Article Text
Abstract
Background: The 3243A→G MTTL1 mutation is the most common heteroplasmic mitochondrial DNA (mtDNA) mutation associated with disease. Previous studies have shown that the percentage of mutated mtDNA decreases in blood as patients get older, but the mechanisms behind this remain unclear.
Objectives and method: To understand the dynamics of the process and the underlying mechanisms, an accurate fluorescent assay was established for 3243A→G heteroplasmy and the amount of mtDNA in blood with real-time polymerase chain reaction was determined. The amount of mutated and wild-type mtDNA was measured at two time points in 11 subjects.

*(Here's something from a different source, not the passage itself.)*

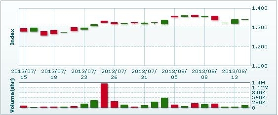 >> 8月14日のラオス総合指数 (2013/08/14)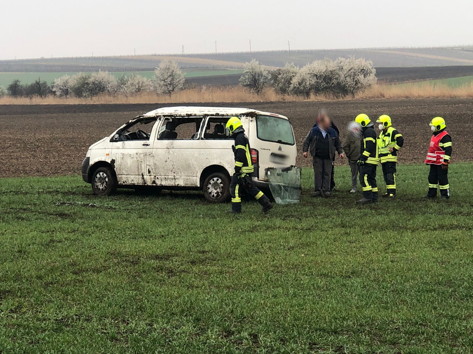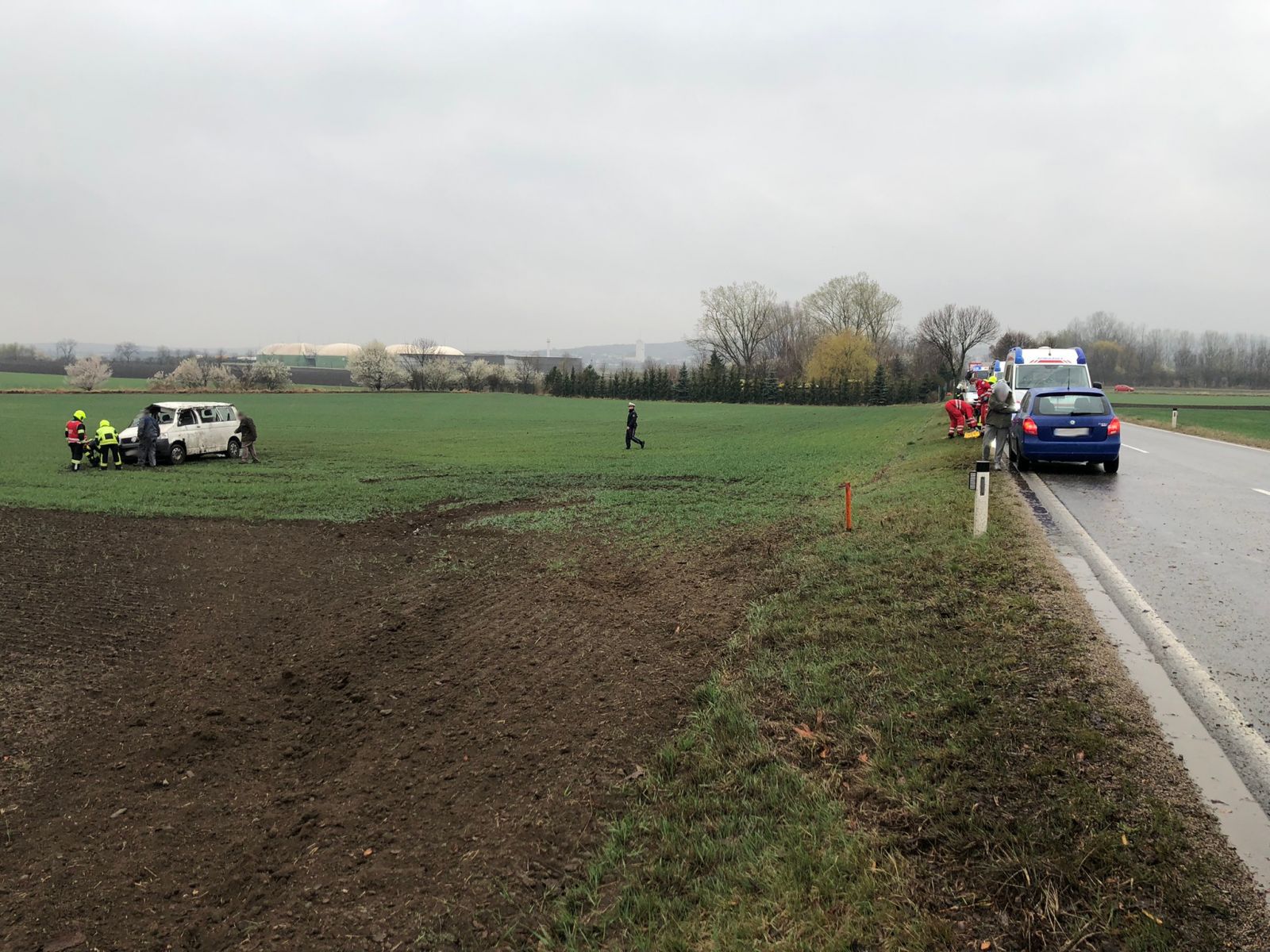 Ein VW-Bus kam auf regennasser Fahrbahn ins Schleudern, überschlug sich mehrmals und kam ca. 50 Meter von der Straße entfernt auf allen 4 Rädern zum Stillstand.

Results: The percentage of mutated mtDNA decreases exponentially during life, and peripheral blood leucocytes in patients harbouring 3243A→G are profoundly depleted of mtDNA.
Conclusions: A similar decrease in mtDNA has been seen in other mitochondrial disorders, and in 3243A→G cell lines in culture, indicating that depletion of mtDNA may be a common secondary phenomenon in several mitochondrial diseases. Depletion of mtDNA is not always due to mutation of a nuclear gene involved in mtDNA maintenance.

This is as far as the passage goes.